The Large Language Model (LLM) approach used to make the "chatbots" that suddenly became so popular in 2022 can suffer a similar fate. The LLM approach is essentially a language parser that uses a neural network to scan and process sentences, having a large database of information - sometimes the whole internet or a large part of it - as its training datasource. Its training sometimes results in improper inferences, and so certain questions or lines of dialog cause it to respond with inaccurate answers or even utter nonsense. This is another example of the "blurry dog" problem, and the silly responses from the chatbots are called "hallucinations."

For these kinds of reasons, neural networks have been controversial. They often do incredible things, but then again, they sometimes make really bad (and sometimes embarrassing) decisions right when they are being demoed to an important stakeholder. This has caused them to fall out of favor more than once, creating what some have called "AI winters," where funding from government, scientific and corporate organizations dries up, seemingly overnight.

Where I personally have been most impressed by neural networks is projects where they have been used for complex locomotion training, like bipedal and quadrupedal walking, jumping and even more advanced movements such as acrobatics and dancing. If you think about it, that's a place where the training of a neural network makes a lot of sense. It's very effective for that kind of thing. It has proven to be very good at things like speech recognition and image recognition, provided it is trained enough to prevent the "blurry dog" scenario.

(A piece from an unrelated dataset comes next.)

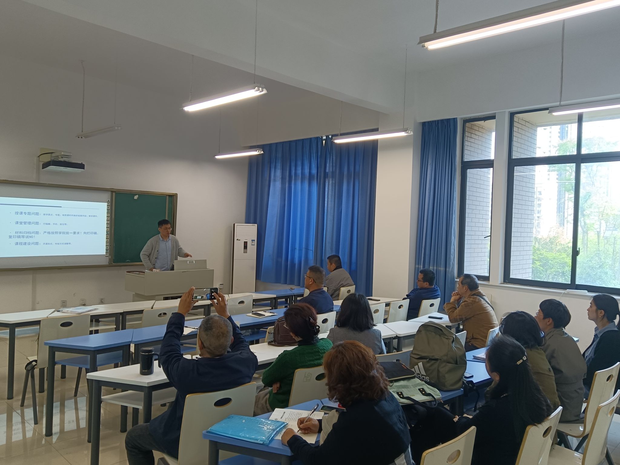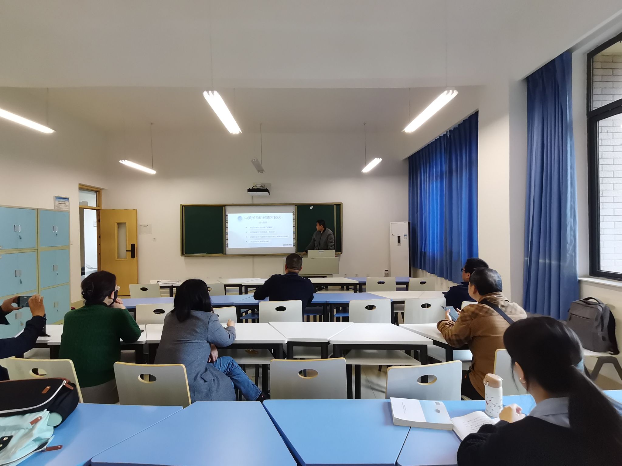 本次集体备课会分为两个部分。首先,柴菁铭、谢凯两位老师分别围绕《探寻新时期中美正确相处之道》《建设美丽中国的理与路》这两个专题进行了说课,重点介绍了各自教学专题的教学设计与思路、重难点等问题。与会老师们围绕两位老师的教学展示进行了交流和讨论,并就如何化解前期教学中遇到的难点、痛点等问题分享了各自的好做法、好经验。其次,谢凯老师向各位老师介绍了本学期的教学要点要求、课堂管理注意事项、课程材料的归档要求等。本次集体备课会现场气氛热烈,各位老师的深入讨论,为相关专题的教学拓展了思路、丰富了内容。

Another computing approach that I particularly like is called genetic algorithms. The idea is to start off with a set of randomly chosen procedural approaches or "individuals" to solve a problem, with each approach having a series of steps or rules. The individuals are "evolved" iteratively with each successive run being evaluated by determining the success of each individual approach after each iteration.

Success of an individual is determined by its "fitness," which is its effectiveness in solving the problem. Those that are most successful are selected for inclusion in the next iteration. Each chosen individual is modified or "mutated" before the next iteration by adding small random changes or by morphing with other successful individuals. The next generation of candidates is then used in the next iteration of the algorithm. The algorithm terminates when either a maximum number of generations has been produced, or a satisfactory fitness level has been reached for the population.

Some people experimented with the idea of using rules-based symbolic AI but taking inputs and making them "fuzzy." The idea is that many - perhaps most - things aren't true or false but rather "mostly true" or "occasionally false" or just plain "maybe." Fuzzy logic attempts to address that by making inputs act more like an analog signal - something between "on" or "off." The decision-making process becomes more of a gradient and the output is then a percentage too. It can give an answer with an estimate of probability.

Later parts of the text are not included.